Namun tidak ada seorangpun yang ingin menanam kentang atau kubis tepat di atas bunker. Yang ada adalah sebuah kios kecil dan rumah makan yang bernama Zum Bunker, nama yang sesuai dengan lokasinnya.
Bunker yang dibangun di masa Perang Dunia II, diubah rezim Jerman Timur untuk menjadi gedung pusat kendali dan berlindung jika terjadi serangan nuklir.
Kelahiran Kembali yang Kreatif
Bunker yang dibangun di atas tanah tidak dapat diabaikan begitu saja dari pandangan. Meskipun bunker semacam ini relatif sedikit jumlahnya, pemerintah kota beranggapan bahwa akan terlalu mahal untuk menghancurkan dan membersihkannya. Jadinya, warga tidak punya pilihan lain selain menerima benda kenangan perang kolosal ini.
Dan dengan inovatif khas yang dimiliki Berlin, bunker-bunker di atas tanah disulap menjadi laboratorium sains, kuil musik techno, galeri seni, situs wisata sejarah dan bahkan rumah yang menyeramkan.
Kebanyakan orang tidak menyadari, bahwa gedung yang hampir setiap hari mereka lewati adalah bekas bunker. Struktur dan wajah bunker yang kokoh terbuat dari beton selaras dengan bangunan-bangunan baru, kompleks perumahan murah, di sekitarnya. Kompleks perumahan ini sendiri tidaklah indah, sehingga kedua jenis bangunan tersebut terlihat cocok saling berdampingan.

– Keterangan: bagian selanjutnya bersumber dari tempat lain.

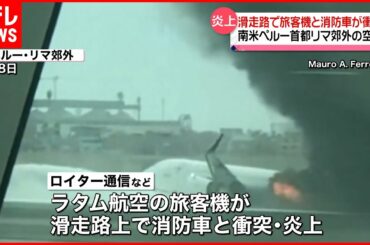 【炎上】滑走路で旅客機と消防車が衝突 消防隊員2人が死亡 南米ペルーの空港

Gabungan kedua gedung yang merusak pemandangan ini paling tidak memiliki satu keindahan tersendiri. Tumbuhan menjalar menyelimuti bagian luar bunker, mengubah permuakaan menjadi ruang hijau yang asri.
Nasib bunker di sudut lain kota Berlin mungkin bisa dikatakan lebih baik. Terjepit di antara gedung universitas dan kafe kelas atas di Mitte, wilayah paling eksklusif di Berlin, sebuah bunker besar telah dirombak menjada sebuah showroom pribadi, memajang koleksi seni modern. Tahun 2003. Christian Boros, seorang kolektor seni, dengan satu keberanian dan sedikit modal membeli bunker ini dengan harga sangat murah.
Setelah sekitar empat tahun renovasi yang sulit dan rumit, bunker ini berubah menjadi gedung lima lantai yang megah, yang bukan saja menampilkan koleksi seni modern kelas dunia, tapi juga menampilkan kebanggan arsitekturnya sendiri. Atap datar bunker menjadi permukaan yang sempurna untuk membangun penthouse mewah dari kaca seluas 250 meter.